The most prominent feature identified by ML methods was metoprolol. Our study reveals a correlation between metoprolol administration and the prognosis of critical MI patients. Specifically, in patients with ST-elevation myocardial infarction (STEMI) undergoing primary PCI, early intravenous metoprolol administration before reperfusion has been associated with higher long-term Left Ventricular Ejection Fractions (LVEF), reduced incidence of severe left ventricular (LV) systolic dysfunction, fewer indications for implantable cardioverter defibrillator (ICD), and decreased admissions for HF (26). Early-blocker therapy has been widely recommended as an integral component of emergency treatment for suspected MI (27, 28). However, ongoing ambiguity regarding the appropriate use of intravenous-blocker therapy has persisted for several years (29–31). Our model illustrates that metoprolol significantly contributes to predicting the 30-day mortality risk in patients with critical MI.

In alignment with previous studies, our research identified the acid–base balance as a robust prognostic predictor. Zhu et al. demonstrated that the L/A ratio, bicarbonate concentration and hemoglobin level possess predictive value for 30-day mortality in patients with MI (32).
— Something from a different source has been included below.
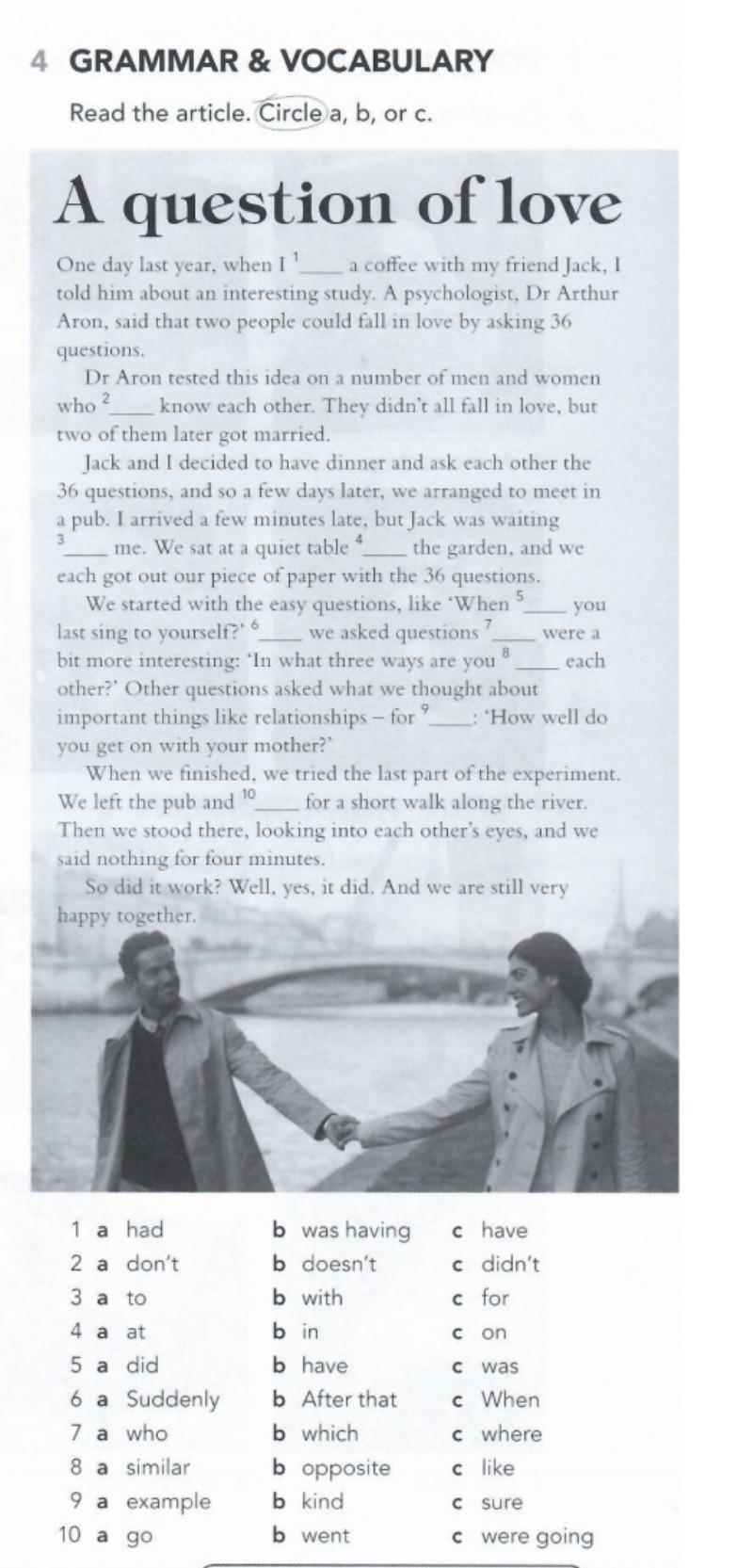 4 GRAMMAR & VOCABULARY Read the article. Circle a, b, or c. A question of love 1 One day last year, when I a coffee with my friend Jack, I told him about an interesting study. A psychologist, Dr Arthur Aron, said that two people could fall in love by asking 36 questions. Dr Aron tested this idea on a number of men and women who 2 know each other. They didn't all fall in love, but two of them later got married. Jack and I decided to have dinner and ask each other the 36 questions, and so a few days later, we arranged to meet in a pub. I arrived a few minutes late, but Jack was waiting me. We sat at a quiet table 3 4 5 6 7 the garden, and we each got out our piece of paper with the 36 questions. We started with the easy questions, like 'When last sing to yourself? we asked questions bit more interesting: 'In what three ways are you other?' Other questions asked what we thought about important things like relationships - for" : 'How well do you get on with your mother?" 8 10 When we finished, we tried the last part of the experiment. We left the pub and for a short walk along the river. Then we stood there, looking into each other's eyes, and we said nothing for four minutes. So did it work? Well, yes, it did. And we are still very happy together. 1 a had 2 a don't 3 a to 4 a at 5 a did 6 a Suddenly 7 a who 8 a 9 a example 10 a go similar b was having b doesn't b with b in b have b After that b which b opposite b kind b went c have c didn't c for on c was When c where c like you were a each sure c were going

Furthermore, lower serum bicarbonate levels upon admission were found to independently predict mortality in a substantial cohort of consecutive patients with cardiogenic shock hospitalized in the CCU. With the availability of point-of-care blood gas and electrolyte analyzers in the CCU, we propose that baseline serum bicarbonate levels could serve as an additional biomarker for risk identification and stratification in critical MI patients.

BUN levels also exerted a significant impact on the total point score in our model, with elevated BUN levels associated with increased 30-day mortality. The present findings align with previous studies, suggesting that a higher BUN/Cr ratio is linked to an increased risk of in-hospital mortality in patients with non-STEMI (33). Moreover, elevated levels of BUN and BUN/creatinine ratio upon admission have been identified as independent predictors of long-term mortality in patients diagnosed with STEMI (34). These consistent findings underscore the relevance of incorporating BUN levels into prognostic models for predicting the outcomes of patients with MI.

In addition to metoprolol, bicarbonate and BUN, other variables such as age and SpO₂ hold relative importance in stratifying a patient's risk. Age is universally acknowledged as a critical risk factor for poor prognosis in CAD, and the mortality risk in MI patients escalates with advancing age (35). Moreover, with increasing age, bodily functions deteriorate, and physiological compensatory functions diminish, all of which contribute to an elevated risk of MI events (36, 37). Meanwhile, low-normal baseline oxygen saturation or the onset of hypoxemia has been identified as an independent indicator of poor prognosis (38). For patients experiencing hypoxia, personalized oxygen treatment guided by dynamic oxygen saturation is recommended.

Limitation

Nevertheless, this study has several limitations. Firstly, the decision to admit patients to a CCU may be influenced by various factors, including practitioner judgment, institutional policies and hospital capacity, potentially introducing bias to our prediction scores. In addition, certain variables such as insurance status, marital status, troponins and natriuretic peptides were not included in the study, which may have impacted the accuracy of the results. We fully recognize the critical role of biomarkers such as troponins and natriuretic peptides in the diagnosis and treatment of myocardial infarction, and we acknowledge their absence as a significant limitation of our study. This also reflects the constraints of the database utilized, where these markers were missing at a rate exceeding 30%, precluding further in-depth analysis. Secondly, the retrospective nature of this research may introduce selective bias, and we rigorously included eligible patients according to predefined criteria to mitigate this potential bias. Thirdly, being a single-center study, the sample size was relatively modest. While the robustness of our risk model was rigorously tested through internal validation using bootstrap testing, the generalizability of these study results to other populations remains uncertain. Lastly, our model may primarily serve to promptly recognize critical clinical situations at the bedside and might not offer additional insights into potential life-threatening pathophysiological mechanisms.

Conclusion

We developed the 30-day mortality prediction model for CCU-admitted MI patients. This tool incorporates a concise set of routinely collected variables, facilitating ease of use at the bedside. Moreover, it can be seamlessly integrated into CCU monitoring technology, enabling automated notifications to CCU staff at various stages of the illness.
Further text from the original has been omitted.